A new look at server immersion cooling: news from the OCP consortium

It’s still hard to get used to this spectacle: we take a powerful server and immerse it in a tank of liquid, then apply voltage and hope that no sparks fly. But maybe we should be afraid of something else: continue to build data centers with a service life of more than 10 years, the cooling of which depends solely on air flows? How sustainable is an industry that spends more on providing electricity to rotating fans than it does on powering processors?

“Immersion cooling is when the server is completely immersed in a dielectric liquid,” explained 3M engineer Jimil Shah at the Facebook Open Compute Project Virtual Summit 2020 conference in may. “With immersion cooling, we can significantly increase computational density compared to air cooling systems.”
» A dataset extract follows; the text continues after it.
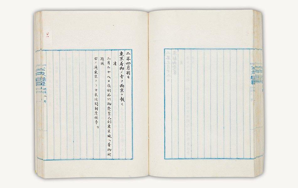 明治2年(1869)3月7日京都を出発された明治天皇は、同月28日に東京城に到着され、「西京」=京都にも、その報が届けられました。この日、東京城は「皇城(こうじょう)」と称されることとなりました。この後、東京は新しい日本の政治上の中心都市として発展していくこととなります。一方、京都は、即位の礼や大嘗祭を行うと皇室典範で定められたように、儀礼空間としての性質が残されました。

Over the past few years, vendors have repeatedly pointed out that immersion cooling can both increase computing density, improve energy consumption, and extend the life of existing hardware (you could make your investments work several years longer if you put servers in a kind of stable stasis). But the argument for extending the service life is irrelevant. We do not equip existing servers with immersion cooling. But we know that if we go beyond the limits of acceptable heat generation, in the future it is impossible to design processors in this way. In other words, when we need to increase computing power, we have to think about the ultimate computational density.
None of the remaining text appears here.